Building what’s missing: Hoag’s path toward organ transplant care

For years, Orange County patients facing advanced liver disease needed to leave their community for transplant care, traveling long distances during some of their most medically and emotionally vulnerable moments.
That’s going to change.
Hoag is actively developing a comprehensive abdominal transplant program to bring advanced liver and kidney transplant care closer to home for Orange County patients and families.
But the path toward organ transplantation at Hoag began with recognition, not the operating room.
In early 2019, physicians identified a rapid rise in liver disease across Orange County and a clear need for more advanced, coordinated care. Rather than immediately pursuing transplant surgery, Hoag made a deliberate decision at that time: to build a comprehensive liver program focused on early detection, advanced treatment, and long-term disease management—allowing many patients to be treated without transplant, while laying the groundwork to support transplantation when clinically necessary.
That foundation took shape in 2021 with the recruitment of Dr. Tse-Ling Fong, a nationally recognized transplant hepatologist who previously led liver transplant programs at both Keck Medicine of USC and Cedars-Sinai.
Under his leadership and thanks to philanthropic support, Hoag invested in noninvasive technologies such as FibroScan, enabling physicians to identify liver disease earlier, better understand patient risk, and intervene before serious complications arise.
As patient demand grew, Hoag recruited Dr. Brian Lee as co-director of the liver program in late 2022, followed by Dr. Patrick Lee in 2025. Together, the team expanded advanced protocols to manage cirrhosis, autoimmune liver disease, and chronic hepatitis B, and developed an integrated alcohol-related liver disease clinic designed to treat both the medical and human dimensions of chronic illness.
During this period, Hoag also became one of the few hospitals in the region offering coordinated pre- and post-transplant care for patients receiving transplant surgery elsewhere. To date, Hoag has supported more than 90 liver transplant recipients. By 2025, the program was caring for more than 12,000 patients annually, making it one of the largest and fastest-growing liver programs in the region.
That growth underscored a disquieting reality.
Despite being home to more than 3.1 million residents, Orange County currently does not have a liver transplant program. By comparison, San Diego County, with a similar population, supports two.
For local families, this absence often means leaving their support systems and trusted physicians at the moment stability matters most. Hoag leadership viewed that reality not as a market opportunity, but as a responsibility.

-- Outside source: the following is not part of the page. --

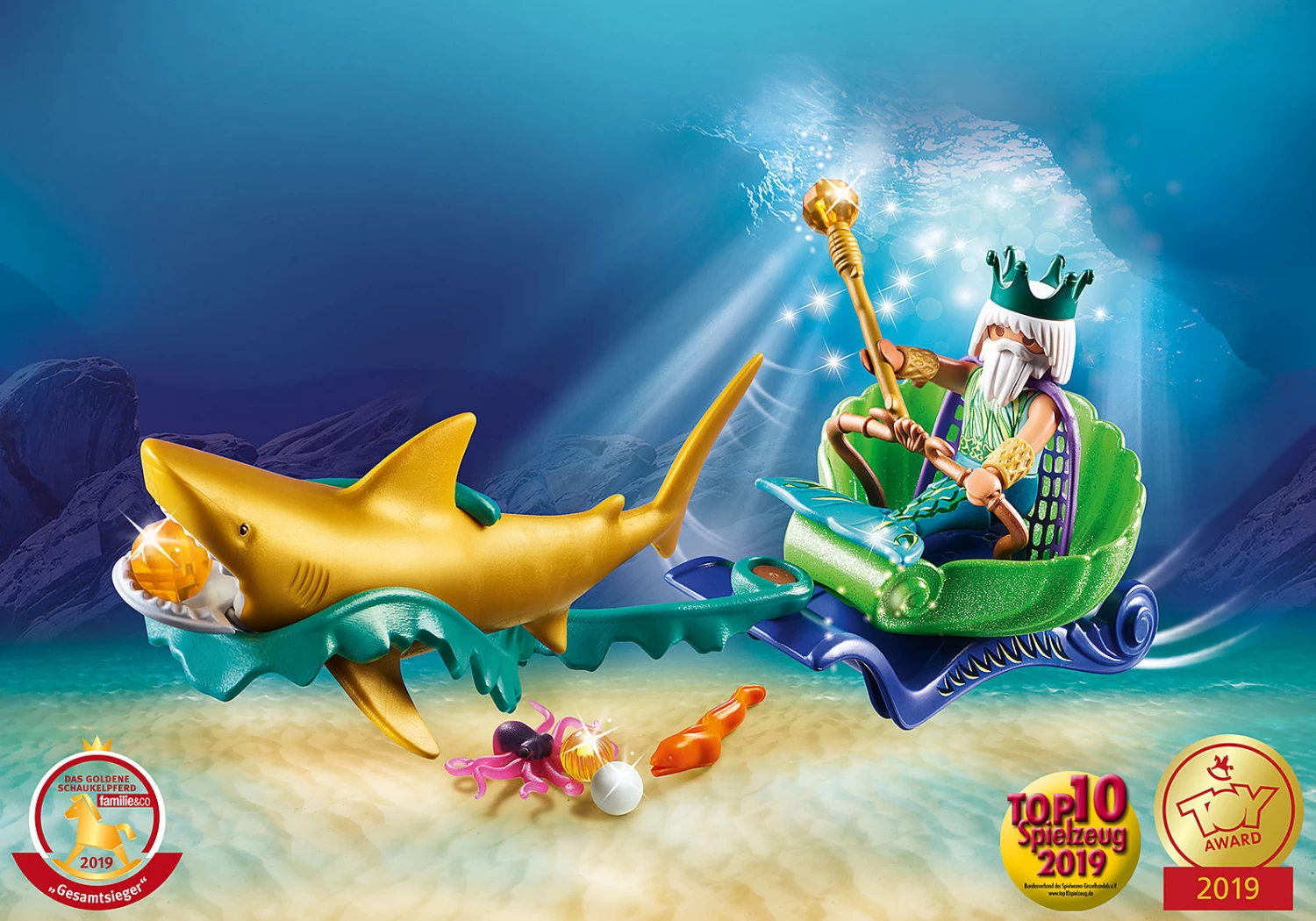Animals: 1 shark, 1 baby octopus, 1 moray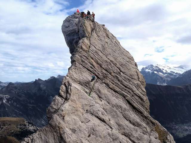 Die klassische Klettertour im Berner Oberland erlaubt ein unvergleichliches Erlebnis mit Sicht auf die umliegenden Bergketten. Die exponierten Gipfel sollten keinem Kletterer vergönnt sein.

Further strengthening Hoag’s trajectory was the July 2024 appointment of Dr. Kenneth Chang, James & Pamela Muzzy Executive Medical Director Endowed Chair in GI Cancer at the Hoag Digestive Health Institute. Under his leadership, the Institute expanded its academic profile and accelerated recruitment of nationally recognized physician leaders.
With the Institute operating at a new level of regional and national visibility, Hoag successfully recruited the caliber of transplant expertise required to move forward—including Dr. Aaron Ahearn, a nationally recognized liver and kidney transplant surgeon formerly of USC, who was appointed surgical director of the liver program in spring 2026.
“Hoag has built something exceptional,” Dr. Ahearn says. “To help establish a transplant program in a community of this size and need is an extraordinary professional honor. Our goal is to deliver care at the highest national standard while keeping patients close to the physicians and families who support them.”
Transplantation demands more than surgical skill. It requires systems—and Hoag has been methodically building them.
Hoag’s privademic model, which combines academic-level clinical expertise with the agility of a high-performing community health system, has enabled this progress.
The direction is clear: Hoag is laying the foundation for a comprehensive liver and kidney transplant center designed to keep patients close to home, supported by teams they already know and trust, with the first transplants anticipated in 2027.
Because world-class, life-saving care should not require leaving Orange County.